However, this specialized lender offers much more than just a big dividend. As the largest player in the space, Starwood Property is safer than most and has some of the biggest opportunities for growth -- in fact, the stock has a total return of 100% over the last three years. 

What exactly does it do? 
Just like individuals need a mortgage to buy a home, businesses will use mortgages to acquire commercial property; this is where commercial mortgage REITs come in. These companies primarily make loans and own securities backed by commercial real estate assets. This could include a wide variety of real estate, but for Starwood Property it's mainly hotels and office space. 

This might sound similar to traditional banks, but there are a few key differences.

First, rather than using deposits, investments are funded by selling additional shares of stock or by borrowing. Second, while banks typically focus on longer-term loans backed by stable assets, commercial mortgage REITs can be more flexible and offer unique shorter-term financing solutions. For instance, Starwood Property focuses on "assets in transition." Among other things, this includes loans for construction or redevelopment. 

The final piece to the big picture is its status as a real estate investment trust. Essentially, by investing almost exclusively in real estate assets and paying out 90% of their income to shareholders, REITs receive significant tax breaks. The huge dividend payout is how we end up with the much larger than average yield.

Where's the opportunity? 
Starwood Property's asset and geographic diversity make it a particularly attractive investment.

Source: company filings.

While 44% and 25% of its loans are concentrated in office space and hotels, respectively, the company also makes industrial, retail, and even residential loans. By operating all over the U.S., as well as having the expertise to underwrite and invest in a wide range of loans and securities, Starwood Property has the ability to go anywhere and invest in almost anything. 

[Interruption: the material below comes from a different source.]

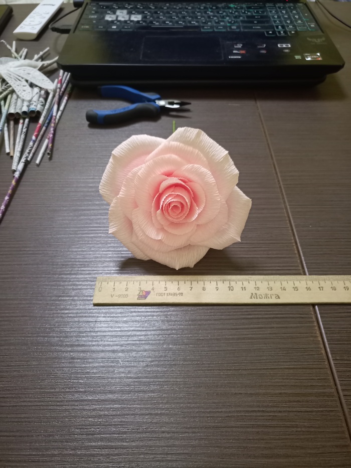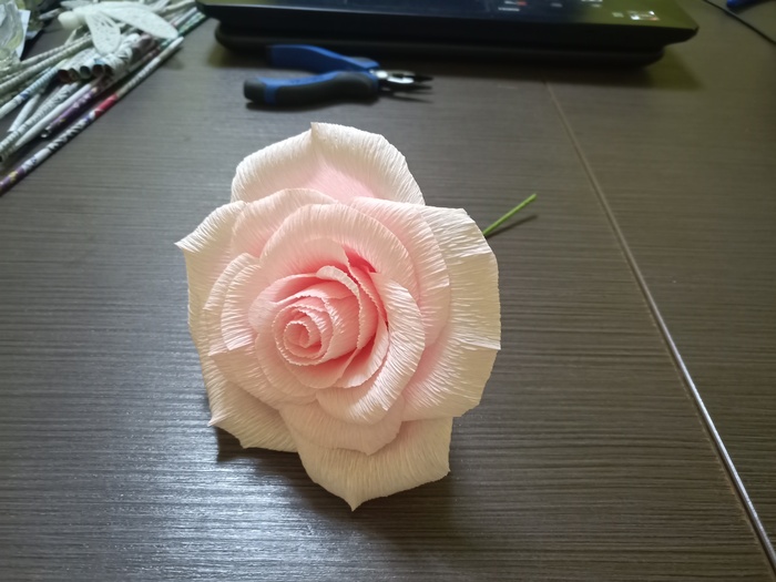 Два часа времени, гофрированная бумага, термоклей, проволока. Как результат-заряд позитива от процесса нарезания и формирования цветков.
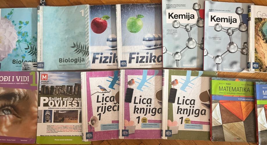 Prodaju se knjige za 1.razred Prirodoslovne gimnazije, sve osim Informatike,Engleskog i Latinskog.

Moreover, in April 2013 Starwood Property acquired special servicer LNR. Adding a another level of versatility, special servicers earn fees representing lenders by restructuring or foreclosing on defaulting loans. Just as important, as the named servicer to over $100 billion worth of commercial loans, Starwood Property has priceless insights into the U.S and European debt market that are not available to its rivals -- this is a huge competitive advantage

How Starwood Property manages risk
The other side of opportunity is managing risk, and sharing common ground with banks is a nice tip-off that commercial mortgage REITs aren't exactly risk-free. While there are several business-specific risks, the economy is one of the most important. 

Since Starwood Property's inception in 2009, it hasn't had a single loan go bad. This means every loan the company has made is either paid back or being paid back. That's extremely impressive, but don't be fooled: even risky loans can perform well in a strong economy. When recession hits, however, we find out who is truly being smart about lending. There are a few ways to spot the more prudent lenders. 

The average loan-to-value on Starwood Property's loans is currently 65%. This means its average loan is worth 65% of the asset's value. More important, it means Starwood Property is lending with a cushion, and it is still protected even if real estate values fall. 

Starwood Property also borrows, and the more debt the company takes on the more gains and losses are magnified. It works similar to a mortgage on a house: If you put $20,000 down on a $100,000 house, you have a debt-to-equity ratio of five to one. If the house appreciates in value by 20% ($20,000), you have doubled your investment; however, if the value declines by 20% you lose your entire investment. 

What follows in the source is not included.